How can a family of spherical neighborhood to be a topology of a metric space?

Question

I am learning topology. And my textbook states that for a metric space $X$,$\{U|U = \cup_{\alpha}B_{\alpha}(x,\epsilon_{x})\}$ can be a topology of that.

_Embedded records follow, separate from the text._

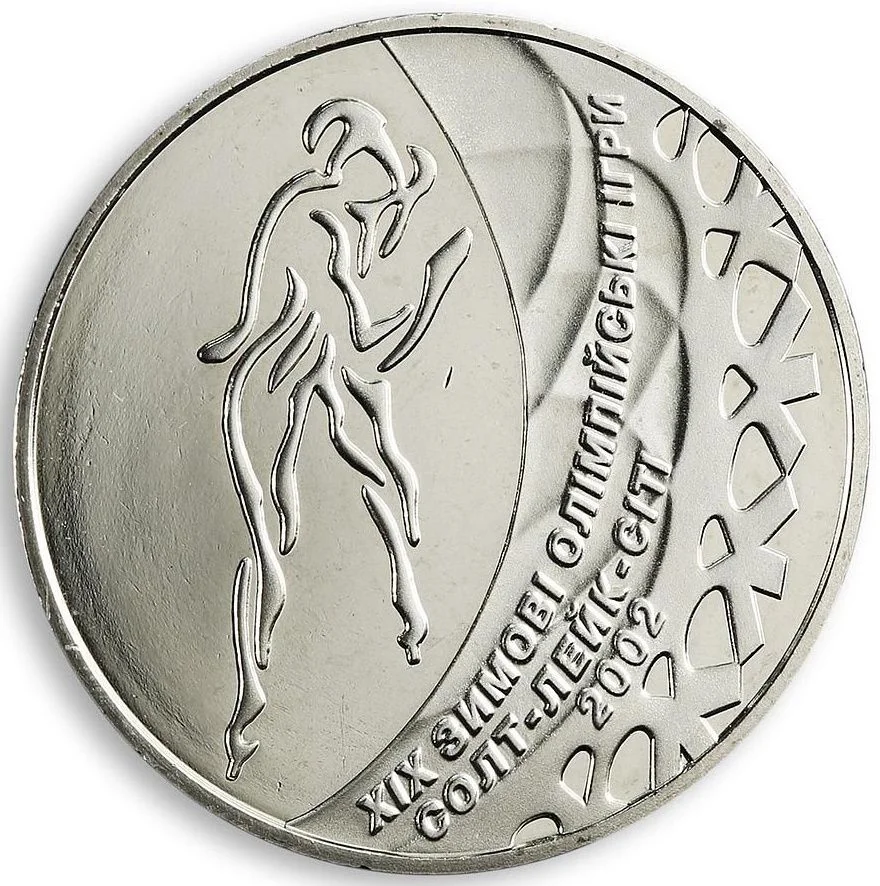 Left: a skater silhouette on glass. Right: "ХІХ ЗИМОВІ ОЛІМПІЙСЬКІ ІГРИ / СОЛТ-ЛЕЙК-СІТІ / 2002" on a snowflake relief.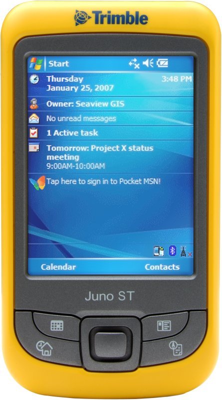 A Trimble Juno ST egy külsőre elsősorban a Trimble-sárga színével tér el a hagyományos PDA-któl. Belül egy 300 MHz-es Samsung processzor dolgozik, 64MB RAM és 128MB Flash memóriával, SD kártya bővíthetőséggel. Vezeték nélküli kapcsolatai jók, bluetooth és WiFi 802.11b/g is található benne. Képernyője nem túl nagy, 2,8" 240x320 felbontású TFT. Operációs rendszere Windows Mobile 5.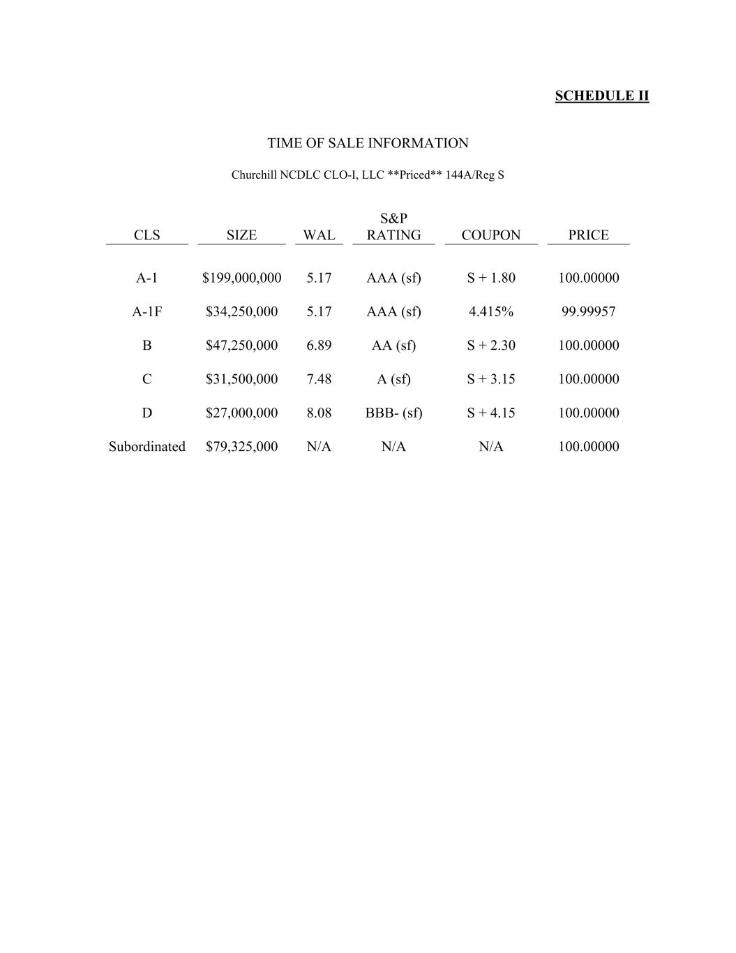 SCHEDULE II TIME OF SALE INFORMATION Churchill NCDLC CLO-I, LLC **Priced** 144A/Reg S CLS SIZE WAL S&P RATING COUPON PRICE A-1 $199,000,000 5.17 AAA (sf) S + 1.80 100.00000 A-1F $34,250,000 5.17 AAA (sf) 4.415% 99.99957 B $47,250,000 6.89 AA (sf) S + 2.30 100.00000 C $31,500,000 7.48 A (sf) S + 3.15 100.00000 D $27,000,000 8.08 BBB- (sf) S + 4.15 100.00000 Subordinated $79,325,000 N/A N/A N/A 100.00000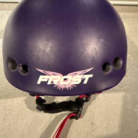 Frost V4 Escape hjelm i størrelse S (50-54 cm). Hjelmen er rosa med dekorative detaljer og har ventilasjonshull. Egnet for beskyttelse ved aktiviteter som krever hjelm.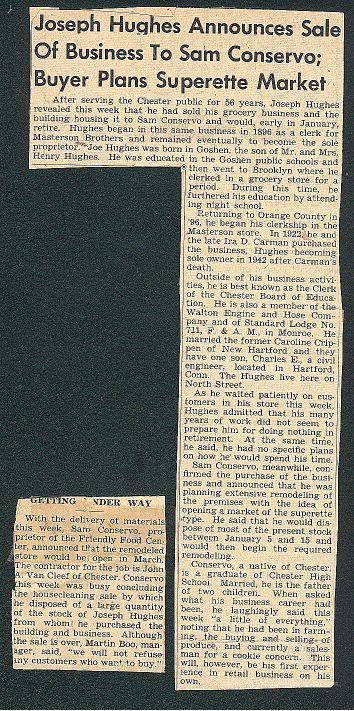 After serving the Chester public for 56 years, Joseph Hughes revealed this week that he had sold his grocery business and the building housing it to Sam Conservo and would, early in January, retire. Hughes began in this same business in 1896 as a clerk for Masterson Brothers and remained eventually to become the sole proprietor: Joe Hughes was born in Goshen, the son of Mr. and Mrs. Henry Hughes. He was educated in the Goshen public schools and then went to Brooklyn where he clerked in a grocery store for a period. During this time, he furthered his education by attending night school.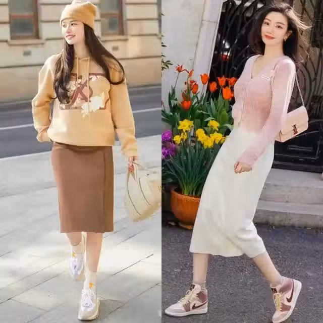 對於腿粗胯寬的梨形身材來說,a字裙和老爹鞋的搭配才是最佳首選。A字裙的裙擺外擴有著極強的包容性,搭配老爹鞋既顯瘦還很洋氣。如果想讓你的春夏季節穿搭看起來更加溫柔,那就可以嘗試輕紗材質的a字裙搭配老爹鞋,增添靈動感。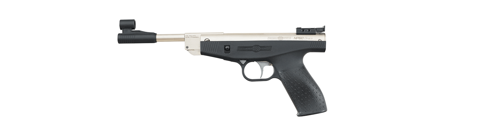 Perfect for Fun Shooting and Plinking, the NP60 Draco air pistol is packed with features that will give you the best shooting experience in a compact package. NP60 Draco is India’s 1st Nitro Spring pistol for smoothness & long life. It features a cross-bolt safety, integrated dovetail, multi-lever 2-stage trigger, adjustable metal sights, a rifled barrel, and an ergonomic grip, all without being heavy on your pocket. Whether you are a seasoned shooter or a beginner, you will enjoy shooting this pistol. India's no. 1 break barrel air pistol.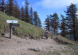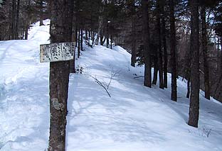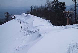 ← | 小雲取山(吹き溜まりで残雪は多い) ※↓無積雪期 (←指導標は完全に埋没) |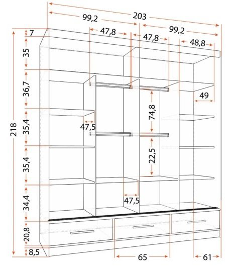 - Notranjost garderobne omare je razdeljena na dve coni, kar omogoča optimalno organizacijo. Ponuja 12 polic, 4 obešala za oblačila ter 3 predale, kar je idealno za shranjevanje oblačil, čevljev, posteljnine in brisač.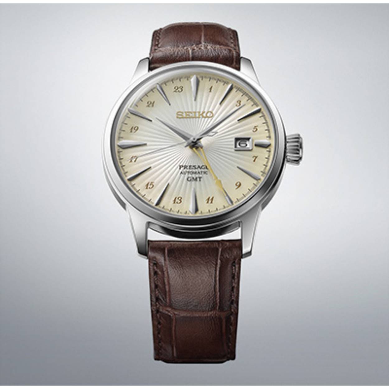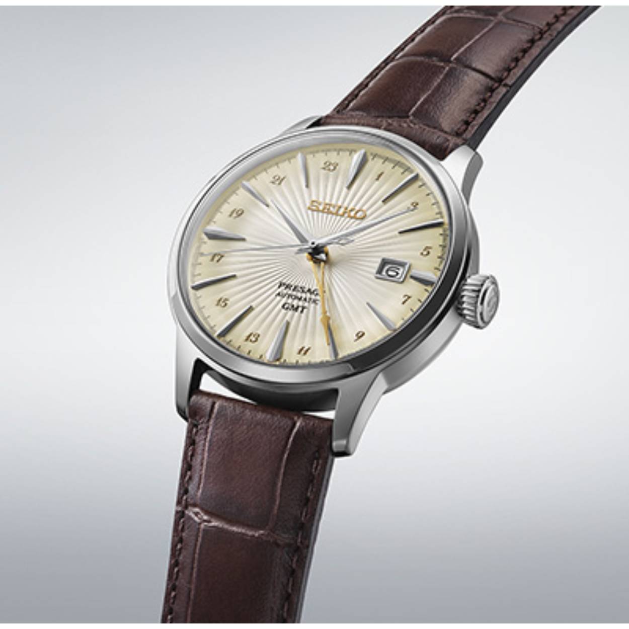 Dit horloge maakt deel uit van een nieuw trio Seiko horloges, Presage's eerste Cocktail Time-horloges met GMT-functie.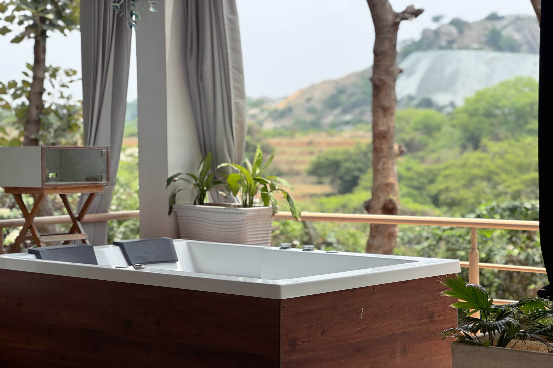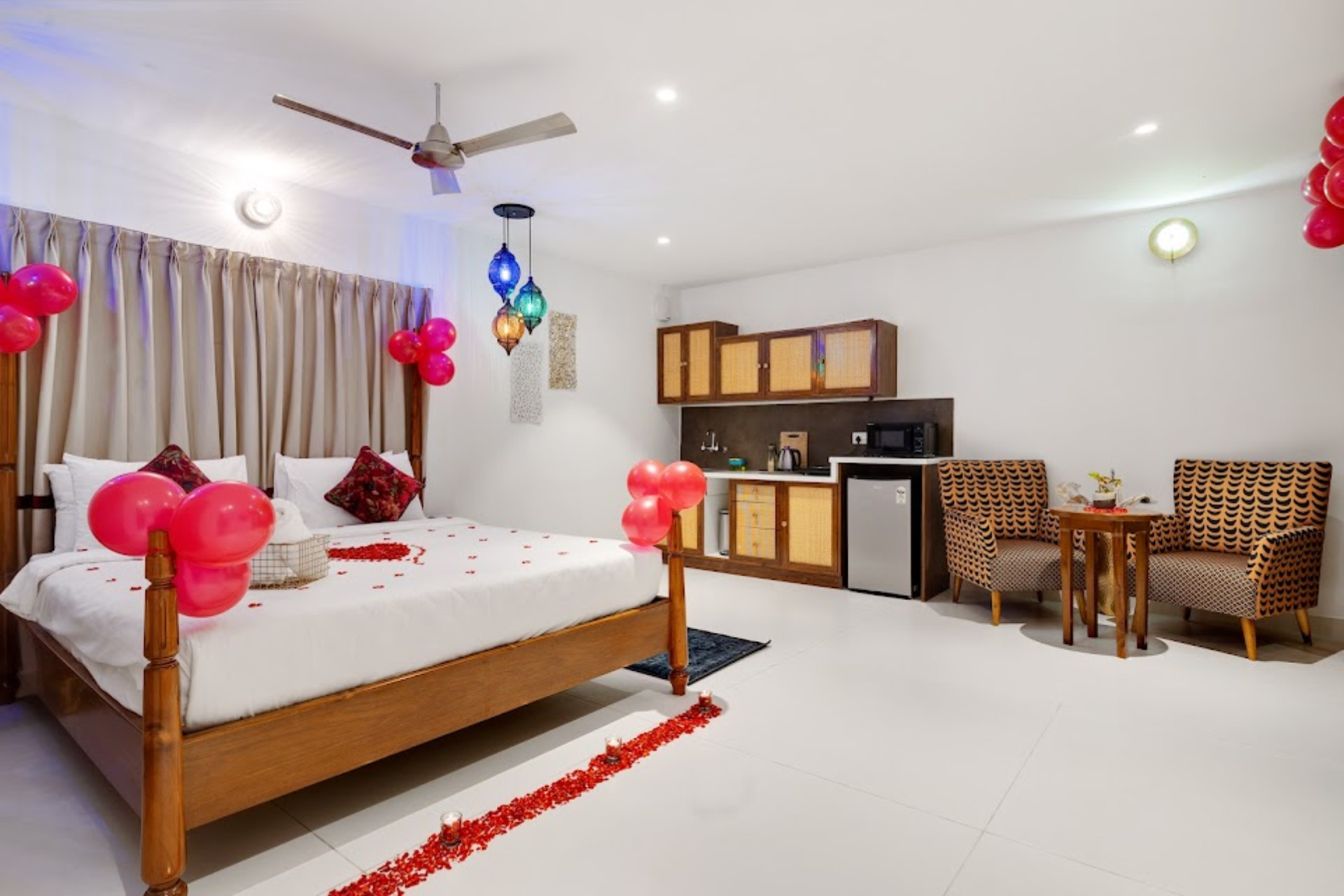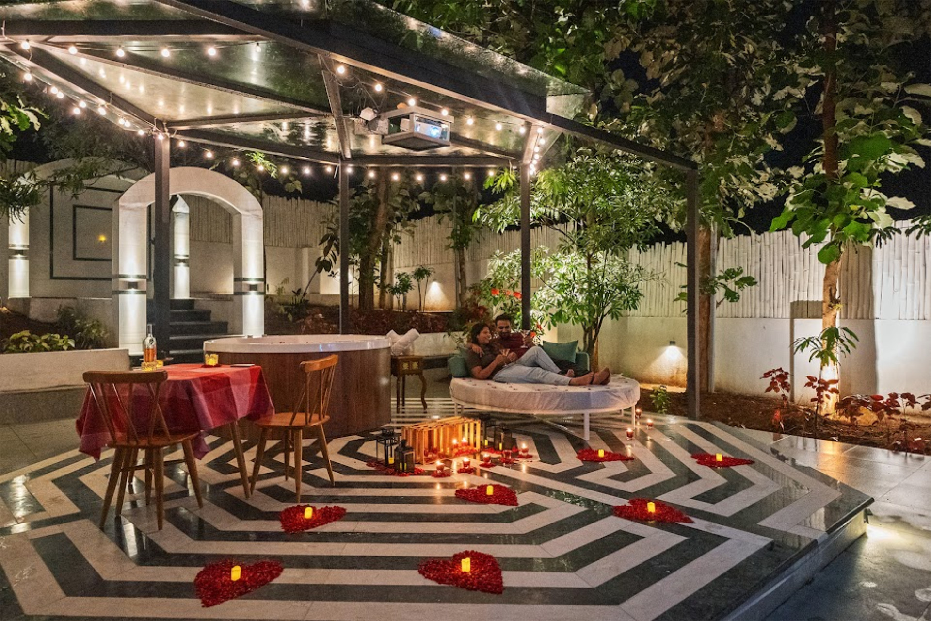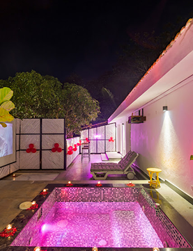 Juliet Vista is a romantic 1BHK villa within Holiday Valley premises — crafted for unforgettable couple getaways. Whether it’s a honeymoon, anniversary, proposal, or a quiet escape with your favorite person, this luxurious private villa offers a serene setting, thoughtfully designed for love, comfort, and connection. Managed and maintained by Oh Stayz, every detail reflects care, warmth, and intimate sophistication.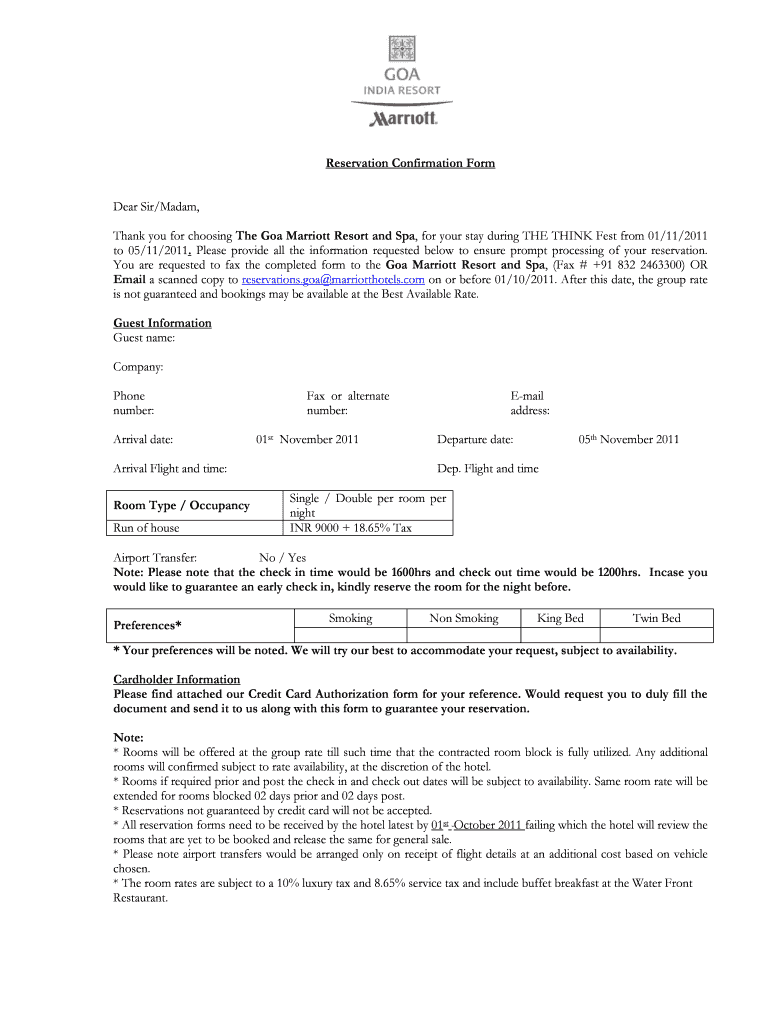 Thank you for choosing The Goa Marriott Resort and Spa, for your stay during THE THINK Fest from 01/11/2011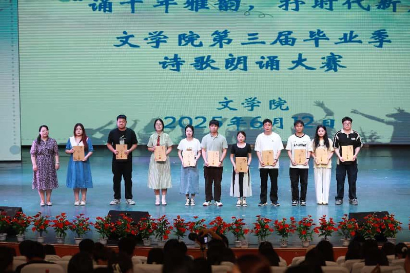 比赛现场,选手们饱含深情诵读中国古代和现当代经典文学作品,以诗明志、以声传情,在诗歌的海洋里汲取力量,传承和弘扬中华经典文化。毕业生代表朗诵的作品《遇见》,道出了对母校的眷恋和对未来旅程的期许。他们的朗诵,不仅是对大学生活的诗意总结,更是扬帆起航前最深情的告白,为整场大赛画上了温馨而动人的句点。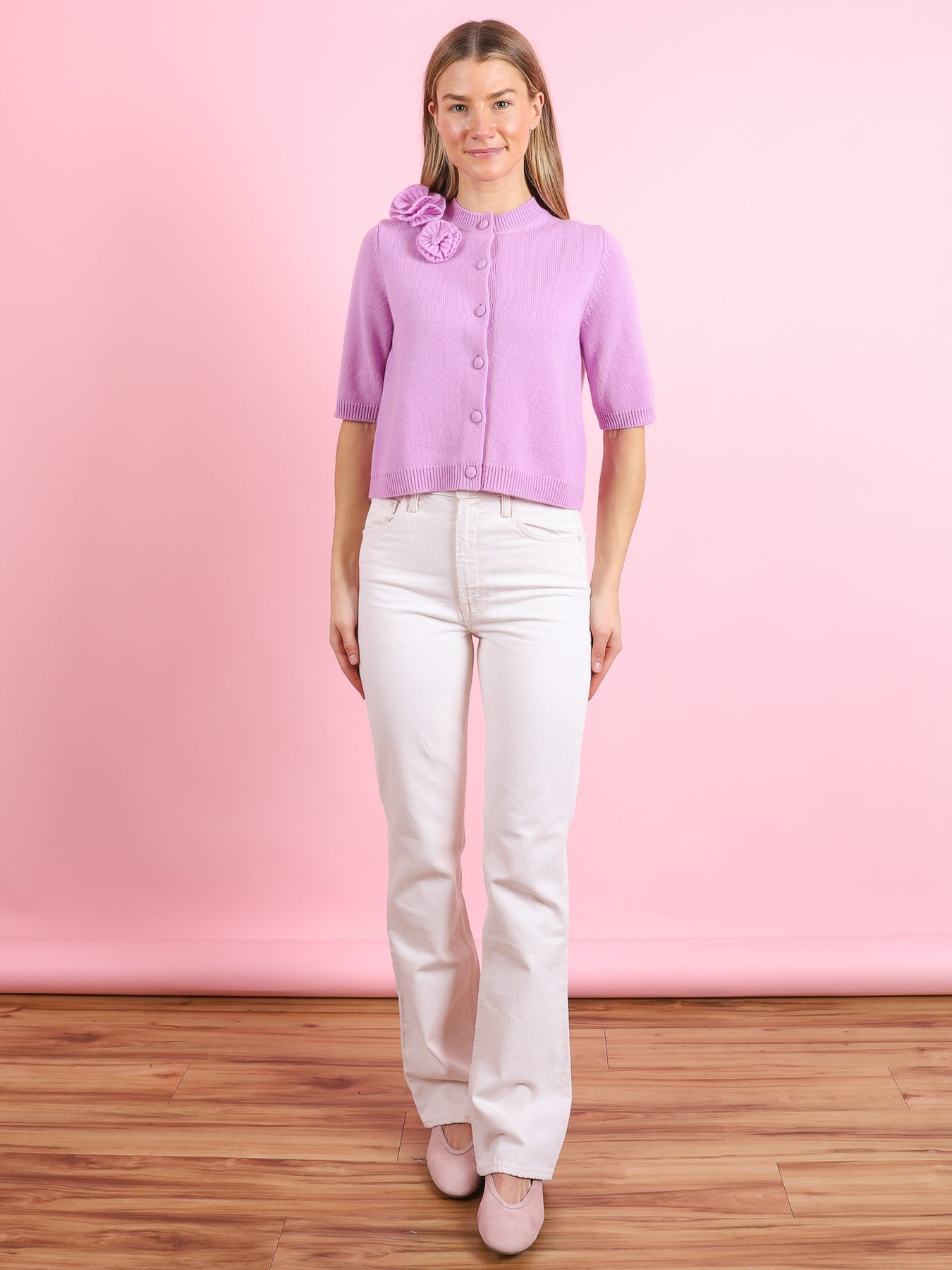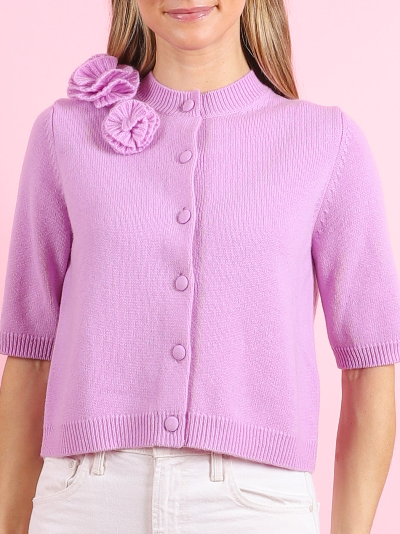 RD Cardigan with Appliqué Roses in Wisteria

My question is that if $X = \{a_1,a_2\}$, how can $\{U|U = \cup_{\alpha}B_{\alpha}(x,\epsilon_{x})\}$ be its topology?

Answer 1

Just think about the $\epsilon$-ball $B(a_1,\epsilon)$ centered at $a_1$.

Since $X=\{a_1,a_2\}$ is a metric space, denote the distance between $a_1$ and $a_2$ by $d(a_1,a_2)>0$.

1. If $0<\epsilon\leq d(a_1,a_2)$, then $B(a_1,\epsilon)=\{x\in X\mid d(a_1,x)<\epsilon\}=\{a_1\}$.

2. If $\epsilon>d(a_1,a_2)$, then $B(a_1,\epsilon)=\{x\in X\mid d(a_1,x)<\epsilon\}=\{a_1,a_2\}=X$.

Similarly, we have $B(a_2,\epsilon)=\{a_2\}$ or $X$ according to $\epsilon$.

Therefore, the topology on $X$ is nothing but the discrete topology, $\{\varnothing, \{a_1\}, \{a_2\}, X\}$.